Tutorial – how to baste a quilt

This is how I baste/pin my quilt sandwich. I am writing this tutorial because in the class we tend to hurry this process because it looks quite simple but it is very important to take time to make a good sandwich and I think it is bit more than simple.
I use my class tables when making quilt sandwich because I don’t want to remove tables to make a bigger space on the floor and it is easier for my back. I gather them around in the middle of the studio. They are not quite wide enough for full bed size quilt but too long on the other side.
Before the process, I press a backing fabric and top and remove creases and wrinkles and check if there are any twisted seam allowance (they sneak in, don’t they?). Yep, And fix them if I find.
1 – Place the backing fabric.
Secure one corner and lightly stretch two neighbouring corners and secure them. I use clamps on the edge of tables for securing backing fabric. Those clamps are made of plastic and super cheap.
Pull the last corner. If there is any twisted stretch or too much pull, creases will appear.
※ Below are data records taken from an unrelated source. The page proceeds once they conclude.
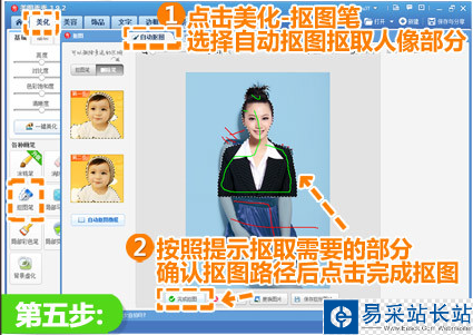 2、按照提示摳取需要的部分,確認摳圖路徑后,點擊完成摳圖
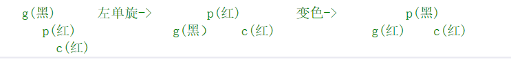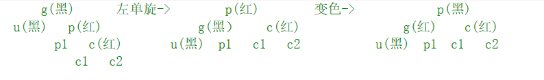 先以g为旋转点进行左单旋,p变为新的根,再将p染黑,g染红即可,左单旋变色后以p为根的子树不违反红黑树的规则,处理结束。
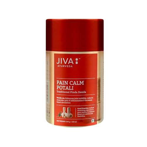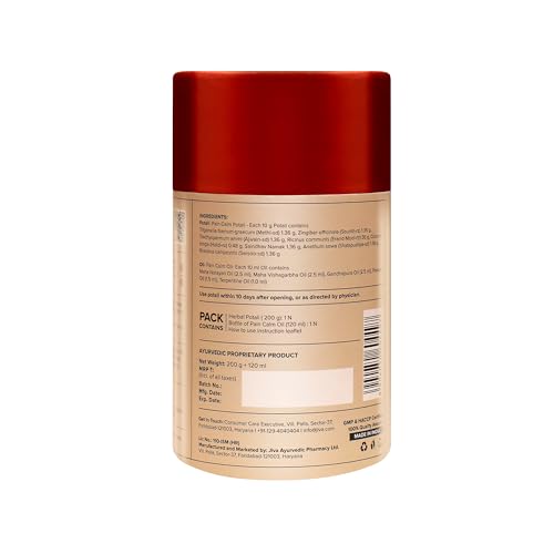 Jiva Pain Calm Potali 200g With Pain Calm Oil 120 ml | Alleviates Musco-Skeletal Pains | For Back Pain, Neck Pain, Knee Injury, And Shoulder Stress (Pack Of 1)
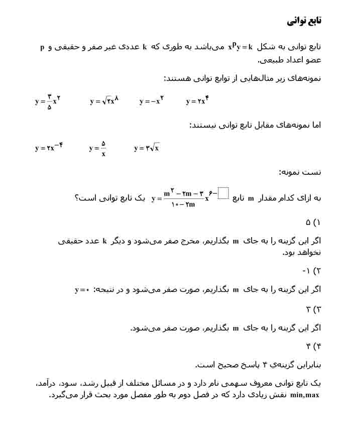 نکاتی دربارهی تابع توانی درس ریاضی ـ آزمون 6 دی سوم انسانی
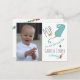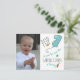Invitación colorida de cumpleaños número uno con tema de globos invita a los invitados a venir a divertirse. Invitación linda y moderna para el pequeño en tu vida. La invitación presenta un globo #1 y una vela dibujados a mano, corbatas de moño y estrellas. También hay un área para una foto de tu chico porque todos sabemos que es demasiado lindo para no mostrarlo. Esta invitación de tarjeta postal también te ahorrará $$$ ya que no solo cuesta menos que otros anuncios, sino que también te ahorra $$$ en franqueo. También hay una versión para niñas y productos de fiesta coordinados disponibles en nuestra tienda. NOTA: Al reemplazar la foto, asegúrate de seleccionar una foto con orientación de retrato solamente: una foto con orientación de paisaje NO funcionará con este anuncio.
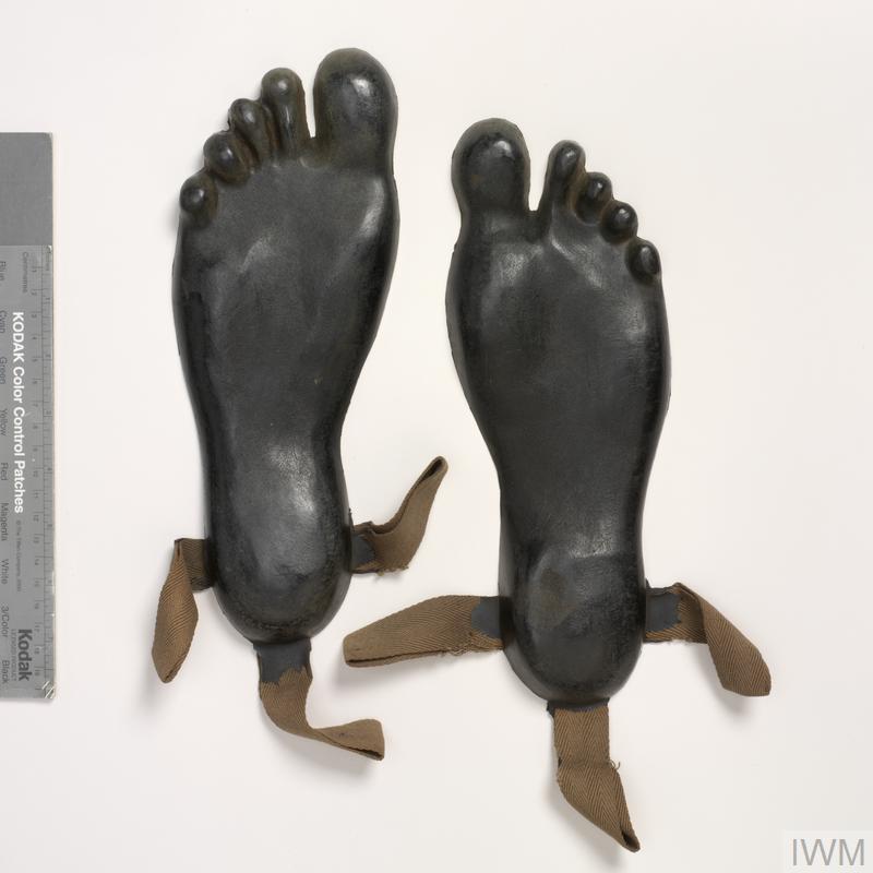 These were rubber bare foot casts that you tied under your regular shoes so that a when for instance you were landed on a beach somewhere, any passing guard who might see your footprint would just assume it was a regular bather or maybe a native in stead of someone wearing a suit and shoes.
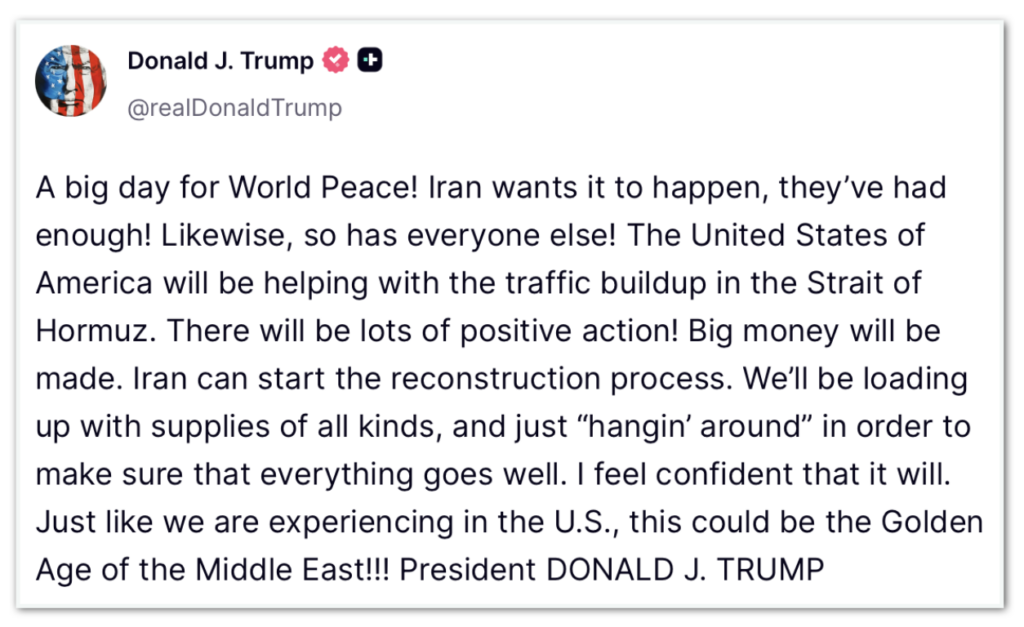 O republicano afirmou que “essa pode ser a era de ouro do Oriente Médio”, assim como, segundo ele, está sendo para os EUA. Disse que ajudará o Irã a lidar com o aumento do tráfego no estreito de Ormuz, cuja reabertura é parte do acordo de cessar-fogo.
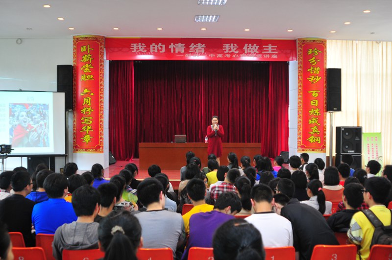 校园新闻 “我的情绪 我做主”——邵武一中高考心理调适讲座 作者:admin 来源:本站原创 日期:2013-05-10 人气:4162 2013届高考在即,为了缓解高三考生的紧张情绪,教会考生认识自己的情绪,学会运用积极的情绪迎接高考,5月10日,我校特地邀请教育心理学博士,高级讲师,福建心理危机救援中心特聘专家,福建青少年心理健康教育与咨询中心副主任——刘美玉博士前来我校给高三学生做现场讲座。刘老师的讲座轻松愉悦、幽默风趣、深入浅出,博得同学们一阵阵掌声。讲座上刘老师还教给同学们一些情绪调控方式方法,并现场引导大家体验与运用,要求同学们回去再加以练习和运用,希望能助力同学们打赢高考这场战役。 上一篇:一中文明引导学雷锋党员志愿者在行动 下一篇:邵武一中举办高三趣味体育活动缓解高考压力 通知公告 更多 【瑞榴 • 公告】2026年邵武一中第... 【瑞榴 • 公告】2026年邵武一中自... 【瑞榴 • 公告】2026年福建省邵武... 【瑞榴 • 公告】2026年福建省邵武... 【瑞榴 • 公告】2025年邵武一中第... 【瑞榴 • 公告】2025年福建省邵武... 最新动态 更多 【瑞榴 • 教研】深化课堂教学改革... 【瑞榴 • 安全】家校协同筑牢“舌... 【瑞榴 • 德育】春启新程育桃李 ... 【瑞榴 • 德育】百日淬烽尽,六月... 【瑞榴 • 校园开放日】百年传薪启... 【瑞榴 • 德育】凝心聚力启新程 ... 【瑞榴 • 家校活动】瑞榴沁家校 ... 【瑞榴 • 教研】喜报!邵武一中课... 【瑞榴 • 学生活动】薪火相传,筑... 【瑞榴 • 安全】严排查、除隐患、...
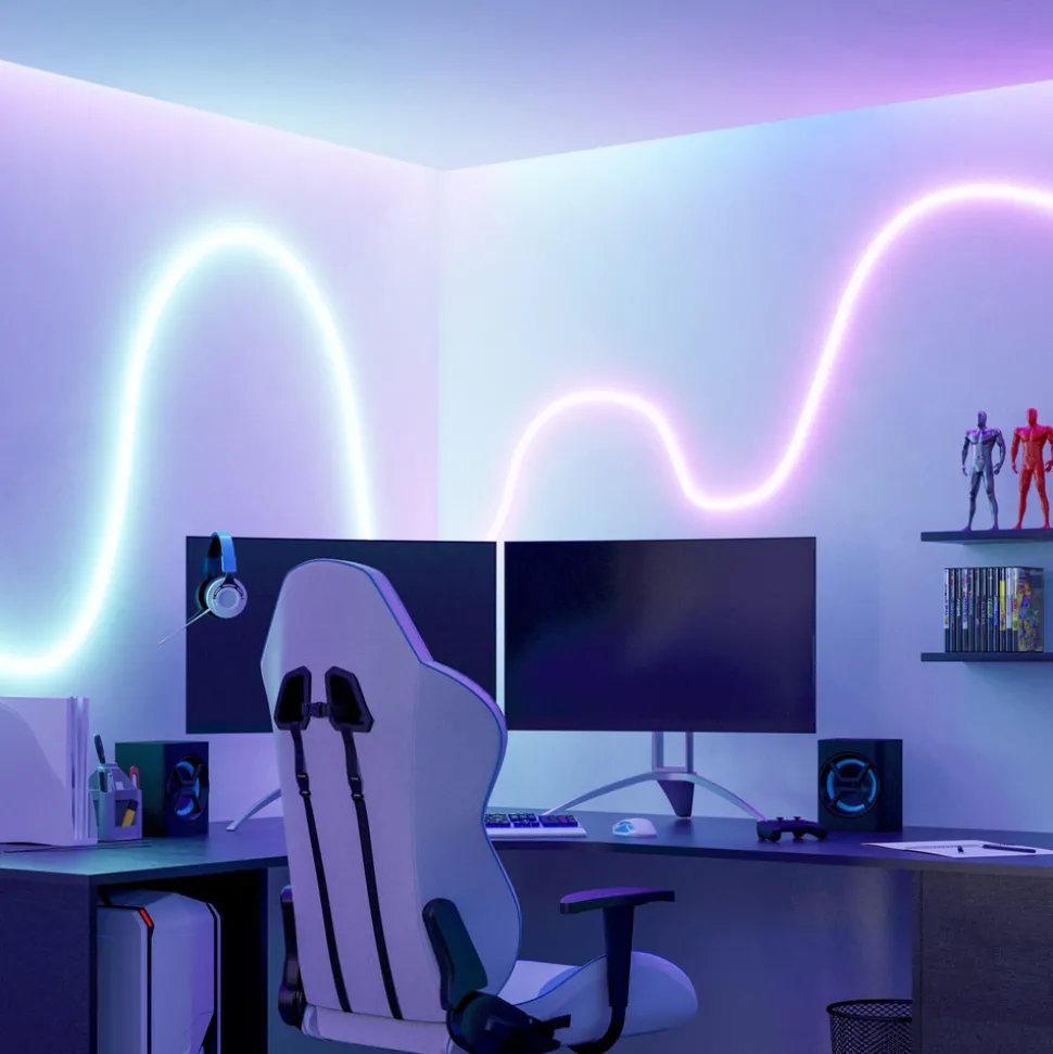 LED-stripe Neon Stripe-Z, 3 meter lang, hvit, RGB, CCT LED-stripen Neon Stripe-Z fra Connect.Z-serien med en lengde på 3 meter tilbyr allsidige belysningsløsninger for en rekke ulike interiører. Den selvklebende baksiden gjør det enkelt å feste den i tak, på vegger, møbler eller trapper. Med RGB- og CCT-teknologi kan lysfargen og lysstyrken justeres etter behov for alltid å skape den perfekte atmosfæren. Stripe kan styres smart via den gratis AwoX Home Control-appen som er tilgjengelig for Android og iOS, eller alternativt via en fjernkontroll som fås som tilbehør. Styring via appen gir også tilgang til mange andre praktiske funksjoner, f.eks. timer, tilstedeværelsessimulering og mye mer. I likhet med alle andre produkter i Connect.Z-serien er Stripe kompatibel med Connect.Z-tilbehøret og kan også integreres i kompatible stemmeassistenter takket være styring via Bluetooth og ZigBee 3.0. LED-stripen er ideell for kreativ belysning av hyller, møbler, vegger eller andre områder, og kan tilpasses fleksibelt for å implementere individuelle belysningskonsepter.
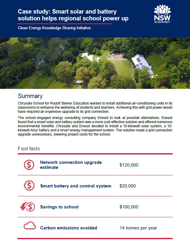 Grant-funding providers, NSW Department of Planning, Industry and Environment, recently released the final case study for Chrysalis’ Smart solar and battery solution that received $30,000 from the government under the Clean Energy Knowledge Sharing Initiative.
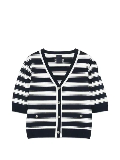 Horizontal-stripe Puff-sleeve Blouse In Blue
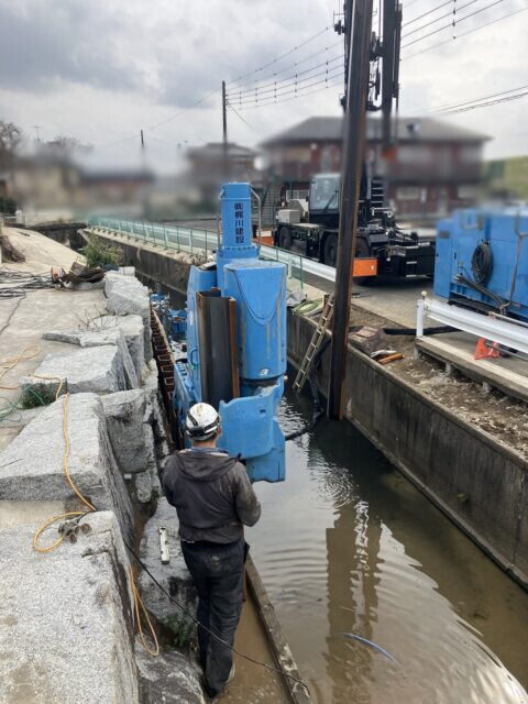 既設水路の転倒防止の土留め工。一部民家に近接する箇所をゼロクリアランス工法で施工。
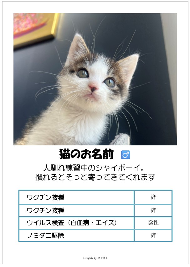 譲渡会で使えるプロフィールカードの無料Wordテンプレートです。
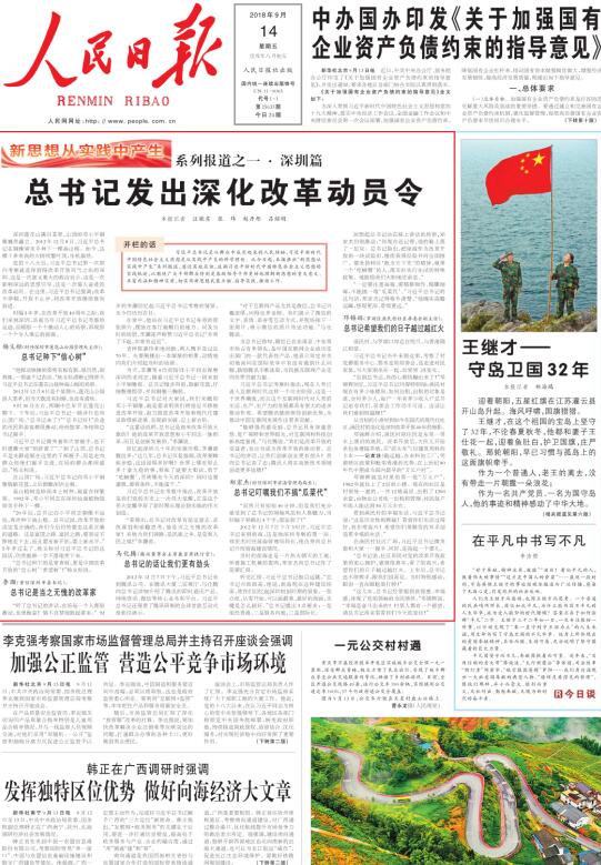 人民日報今起推出“新思想從實踐中產(chǎn)生”系列報道,通過實地采訪,追溯習近平新時代中國特色社會主義思想的實踐軌跡。系列報道開篇之作《總書記發(fā)出深化改革動員令》今天在頭版頭條隆重推出,全文轉(zhuǎn)載如下:
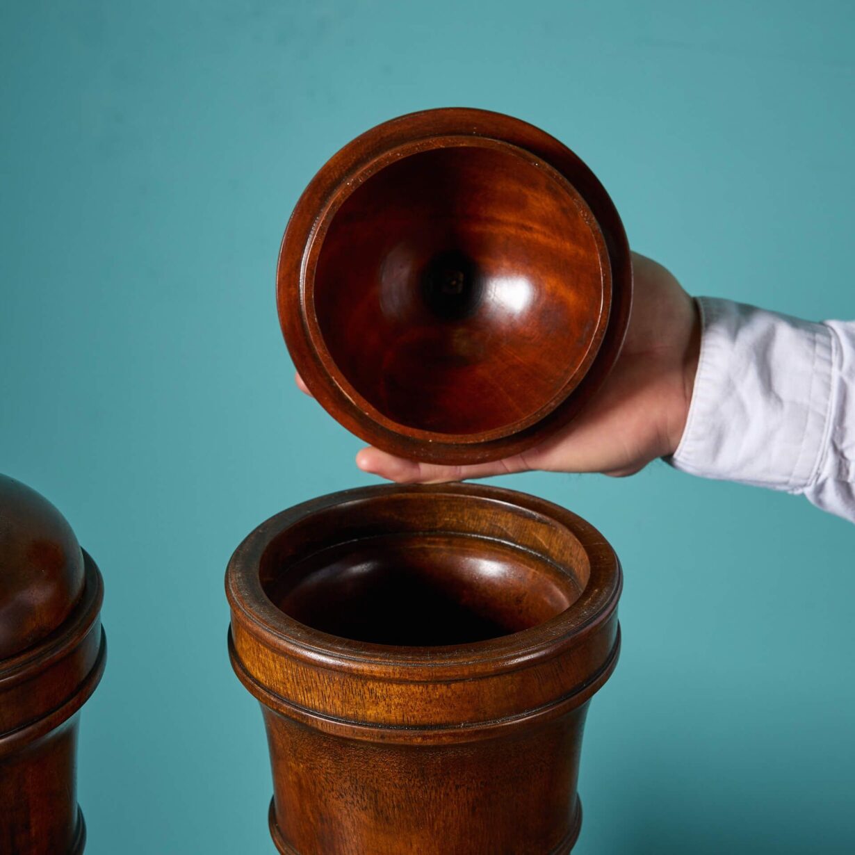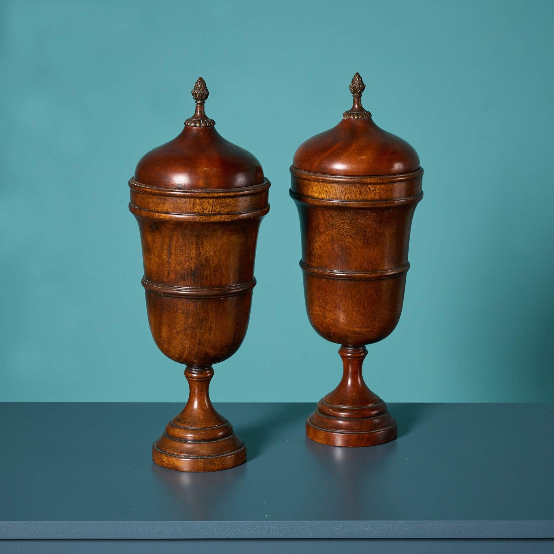 The wooden lidded finials on circular turned bases are complimented by acorn shaped tops.
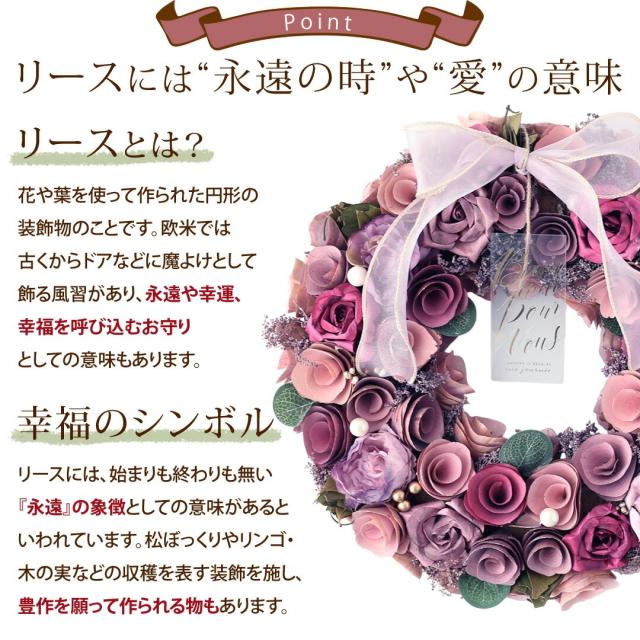 - いつもの鉢植えの花と違うものを探していたところ、こちらのリースが目にとまり、母の日のプレゼントで購入しました。主人の母も実家の母も、豪華で可愛いととっても喜んでくれました。希望通りに母の日の前日に届け...
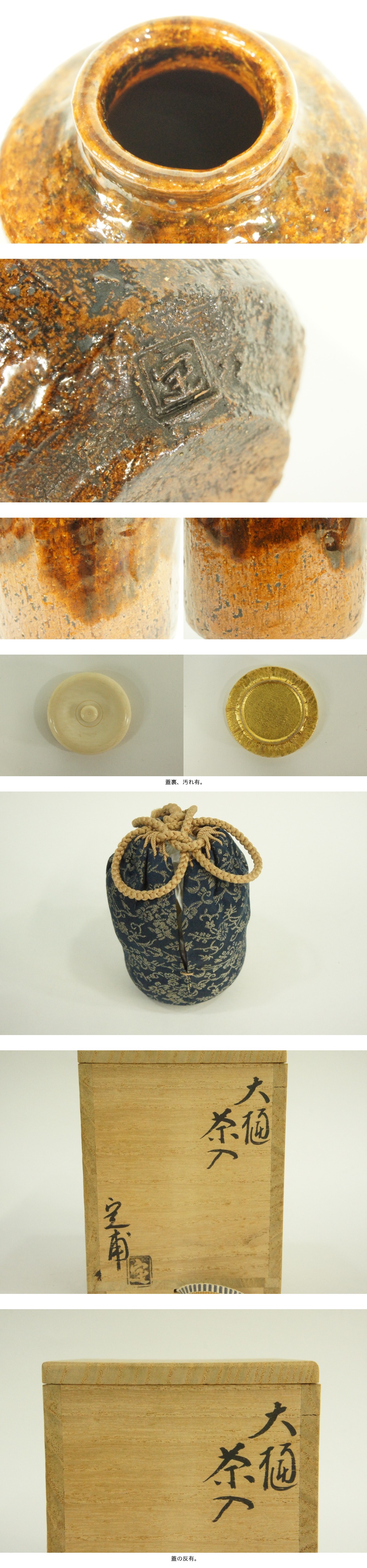 ●大樋焼 中村定子 定甫 大樋茶入 肩衝茶入 茶器 やや汚れ有 共箱 仕覆 茶道具
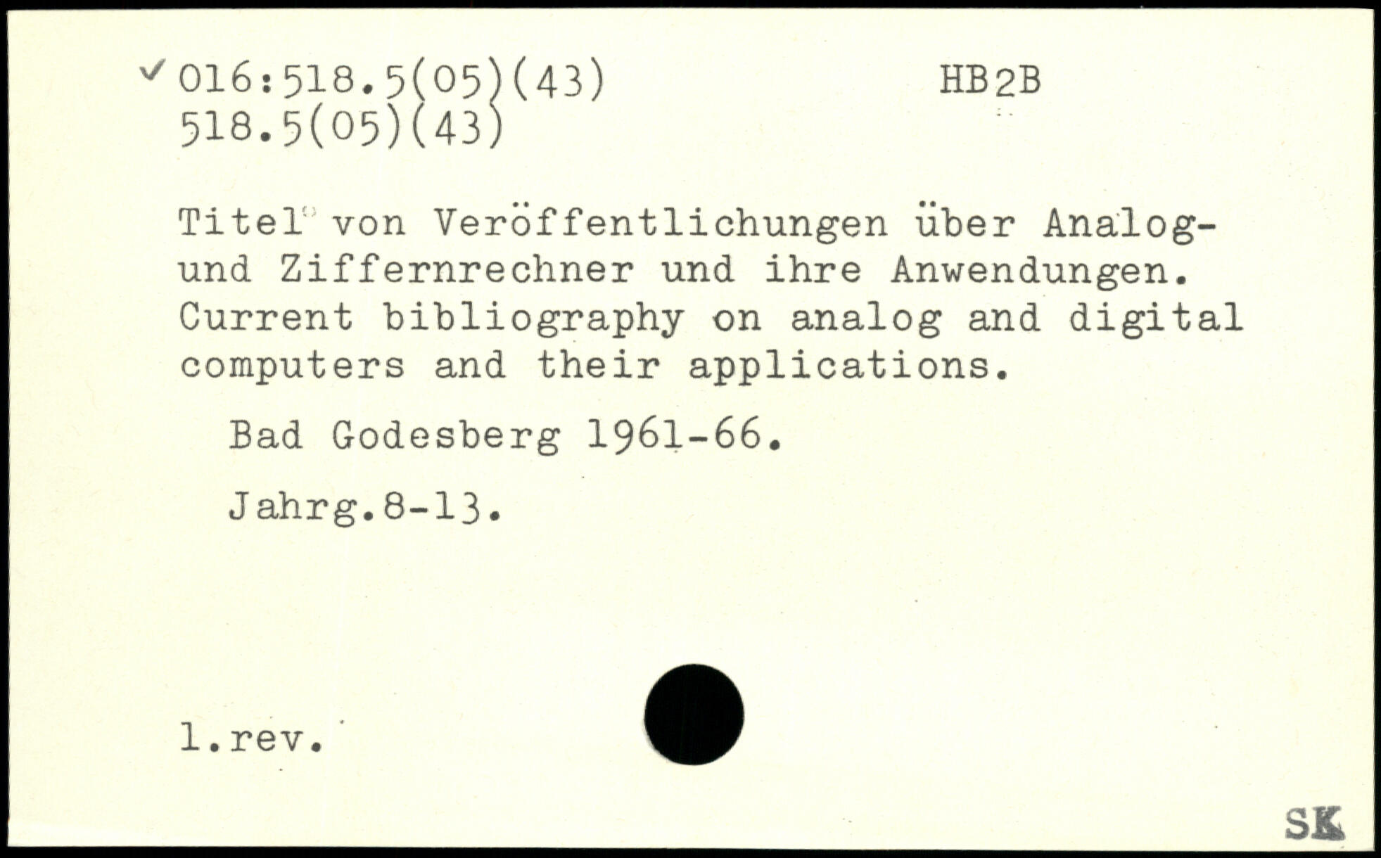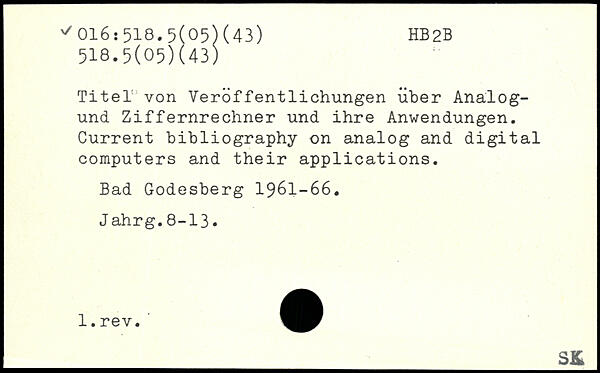 Titel' von Veröffentlichungen über Analog-und Ziffernrechner und ihre Anwendungen. Current bibliography on analog and digital Computers and their applications. Bad Godesberg 1961-66. Jahrg. 8-13.

Change the position of corners to remove them. Sometime releasing the pull is better than pull. The backing fabric should lie flat. Secure the fabric in several places. I use masking tape too where clamps can’t get.
backing fabric
2 – Spread the wadding.
From one side of wadding spread it out. You can move wadding by sliding your hand over it.
I use Warm and Natural cotton wadding. According to the manufacture, the top side of wadding is slightly messy side and the clean smoother whiter side, the one with scrim is the bottom. I place them accordingly unless top is very pale. If there is a lot of white on the top, I use Warm and White, bleached white one.wadding side
The Warm and Natural is made of organic unbleached cotton.Hence it has a lot of cotton hulls. I remove some very big offending ones with tweezers.
cotton hulls
3 –  Place the top
Again starting from one side, place the top leaving 1-2 inch extra of backing and wadding. I make this side straight first. I go low down to see if the line of border is straight. In the photo, I am looking at light purple line which is still crooked here. By sliding hands on quilt, make it straight as much as possible.
starting top
This one looks better, isn’t it?
startign top straighter
Make two corner of that border square an then make next two borders straight. I mean no crooked lines (actually in this photo it looks bit crooked…) .
startign second line
Make all the sashing straight and corners square. If any lumpiness appears, don’t push it out! Keep it in between straight sashings and try to even it out in between sashings. If you pieced them right, you shouldn’t have!
placed right
I can spend a loooong time doing this.
4 – Baste/pin them!
I use safety pins. I have a lot of them but not quite enough to pin every 4″ on this king size. So I only pin along all the sashing, in this case light purple shelves because I need them to remain straight. Once I stitch in ditch along sashing, I remove pins and place them where I quilt next.
When you pin them, don’t pick up quilt. If you do it, all the effort you put in above might get lost. Just slide pin and use a spoon or tool to pick the tip and close it. I use my poor index finger tip. If I don’t bleed, I am fine with it.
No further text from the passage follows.